During the Cold War, when America's primary nuclear threat was symmetrical, we were forced to--in Ronald Reagan's famous phrase--"trust but verify." But in a post-9/11 world, where transnational terrorists effectively elude threatened retaliation, emphasis logically shifts from the "trust" of arms control to the "verify" of active detection, preferably as distant from our shores--and population centers--as possible.
The good news is the technology exists today to accomplish much of this task, according to Oak Ridge National Laboratory, where last week senior scientists briefed me on the subject. America just lacks a coordinated research effort to bring it all together and address the remaining technical challenges. As one senior federal official who works nuclear counter-proliferation told us, "This is the number one security problem in Washington today."
At the end of the day, America needs both overt and covert capabilities to detect nuclear materials moved by sea: not just scanners at the port gate, but the capacity to monitor vessels surreptitiously. We need the public capability to signal our intent and interest, but also the secret version so interdictions can be made at the time and place of our choosing.
Ideally, defense-in-depth starts at overseas ports, both dockside and delivered from below by unmanned underwater vehicles. If we're just interdicting the material itself, better to do it at the port of embarkation. But say we're trying to figure out where the ship is headed, or maybe the device is too dangerous to approach in port.
If we're talking littoral waters, where such vessels skulk to avoid attention, then unmanned underwater vehicles are the way to go. They can be especially useful when targets stick to territorial waters to claim legal protection from outside inspection.
Once ships hit the open ocean, though, we face some of the toughest, almost James Bond-like challenges in getting close enough to detect without being noticed.

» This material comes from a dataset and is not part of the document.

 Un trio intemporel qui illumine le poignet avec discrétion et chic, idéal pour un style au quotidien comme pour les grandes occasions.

Seawater makes an excellent insulator, so if we want to detect thermal neutrons, we've basically got to achieve hull-to-hull contact with the suspected vessel. On the high seas, that means an approach speed somewhere in the range of 18 to 24 knots. That's very hard with an unmanned underwater vehicle.

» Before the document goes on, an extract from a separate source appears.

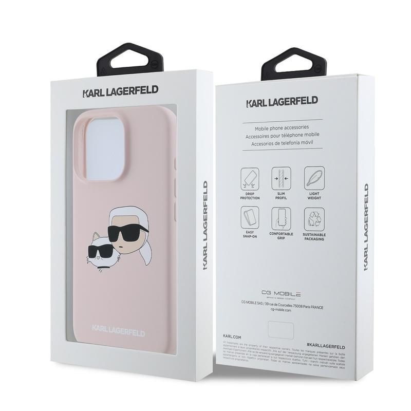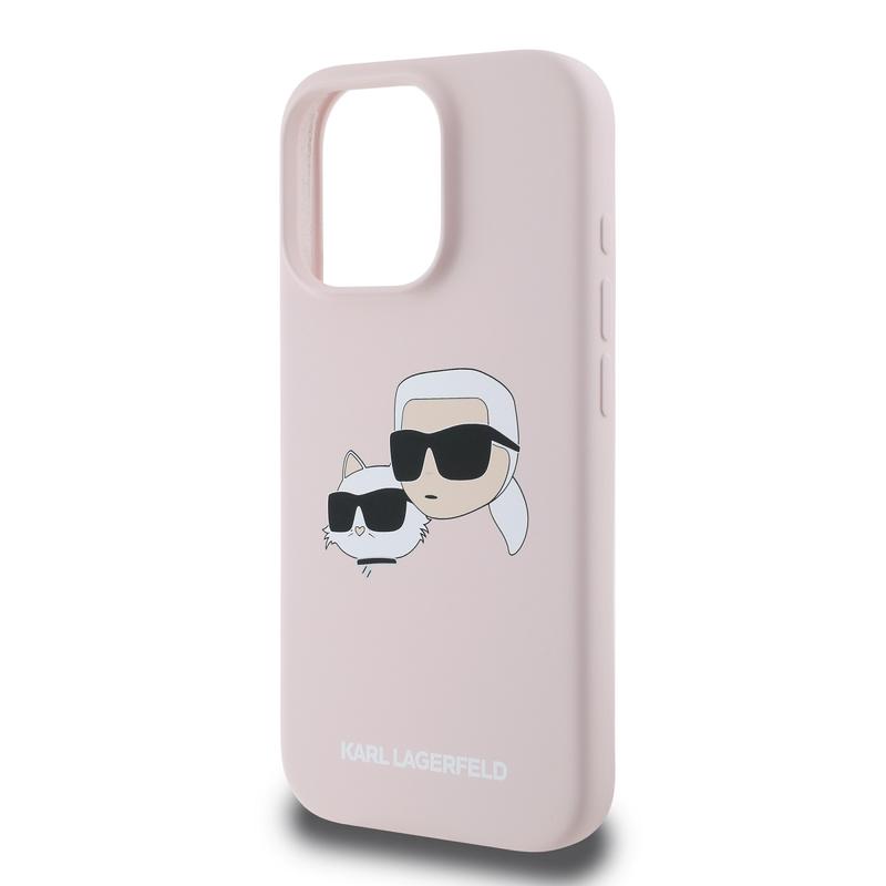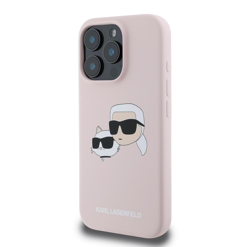 iPhone 16 Pro Karl Lagerfeld Double Heads MagSafe Flüssiges Silikongehülle - rosa

If that's the case, then our forces might move on to special torpedoes able to keep up with the target or--better yet--deliver scanner-toting robots. These hull-crawling droids might be our only option to scan the entirety of a 400-foot ship, a process that can take up to eight hours depending on the nature of the shielding surrounding the material or bombs.

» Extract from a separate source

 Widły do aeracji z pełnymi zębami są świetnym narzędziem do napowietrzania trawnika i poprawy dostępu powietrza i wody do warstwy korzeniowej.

I know what you're thinking: now we've leapt past Bond right into George Lucas' fervent imagination.
Consider this: the Pentagon continues to spend tens of billions of dollars on strategic missile defense systems that still--after all these years--show no signs of working. Recently, the Bush administration started pushing missile defense onto countries like Poland and the Czech Republic, angering Russia in the process. Meanwhile, our government refuses to discuss a space arms treaty with China, which recently made its displeasure known with an anti-satellite weapon test.
Since we share these countries' fears of nuclear terrorism, why does our government continue to antagonize them in these counterproductive ways? Wouldn't it make a lot more sense to pursue the sort of "Star Wars" technology I'm describing here?
For a fraction of what it would cost to continue funding missile defense or fill space with dangerous strategic weaponry, America could readily field a vast fleet of underwater R2D2s to better manage this very real and near-term threat.